They got him on the run: Alien Boy documents a too-short, long-remembered life

By Kathy Fennessy, The Stranger, March 10, 2014

Alien Boy, winner of the best film award at the 2013 Local Sightings Festival, begins with references to Portland bands like Poison Idea and the Wipers, but it isn’t a music film. It’s a documentary about police brutality and mental illness, since subject James Chasse, also known as Jim Jim, suffered from schizophrenia, a condition that inadvertently contributed to his tragic death.

According to his parents, Chasse had a normal childhood until junior high, when things started to get weird. But music was a solace. He sang in a band and started a fanzine, The Oregon Organizm, to which notable writers like Joe Carducci contributed. Chasse’s girlfriend remembers that he would wear whatever he wanted, including women’s clothing, for which he would get beaten up. It didn’t deter him, but the demons in his head were another matter, and his behavior became erratic.

When Chasse told Greg Sage of the Wipers that he felt like an alien, the singer turned that admission into the song “Alien Boy” (it’s fitting that Kurt Cobain shows up, via archival footage, as it’s hard not to hear Nirvana’s origins in that adolescent snarl and bass-heavy rhythm), but the Wipers connection ends there.

Chasse maintained his friendships as best he could, but while his associates were finding their way in the world, he ended up in a mental institution and a series of group homes before eventually reentering society. Independence came with a price.

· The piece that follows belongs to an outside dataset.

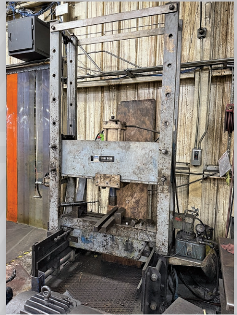
150 Ton Hydraulic Press

When he neglected to take his meds, he would stop bathing, soil himself, and face rejection from the local establishments in which his parents, James and Linda, would attempt to catch up with him. They appear to have done what they could, but it seems clear that things would only get worse.

And that’s what happened: things went from bad to horrific when an arrest for suspected public urination turned lethal. The cops used excessive force and Chasse, who didn’t receive appropriate medical treatment, died in police custody. The Oregonian and The Portland Mercury documented the ways police failed Chasse, including the untruths they told his family (former Mercury news editor Matt Davis appears in the film).

It’s all pretty grim. In contrast to the officers’ testimony during the ensuing court case, photographic evidence and surveillance footage—including disturbing audio—confirm that they acted inappropriately. Chasse may have run from the authorities, but he wasn’t combative, he wasn’t armed, and he wasn’t on drugs. He died in 2006, but the findings of the internal affairs investigation wouldn’t be released until 2010, while the family’s lawsuit wouldn’t be settled until 2011.

As Linda puts it, “He didn’t ever get to live the mainstream life of an average American man.” All those avenues—college, a music career, etc.—ended when his illness kicked in. Consequently, there wasn’t as much music content in the documentary as I had hoped, but there’s value here for viewers interested in the intersection of the police, their training, and the way we treat the mentally ill. At the very least, Chasse’s death has helped to inspire change in the city of his birth.

Alien Boy plays Northwest Film Forum through Thurs, Mar 13 (no 9pm show on Mon). Breaking Glass plans to release the film on home video later this spring.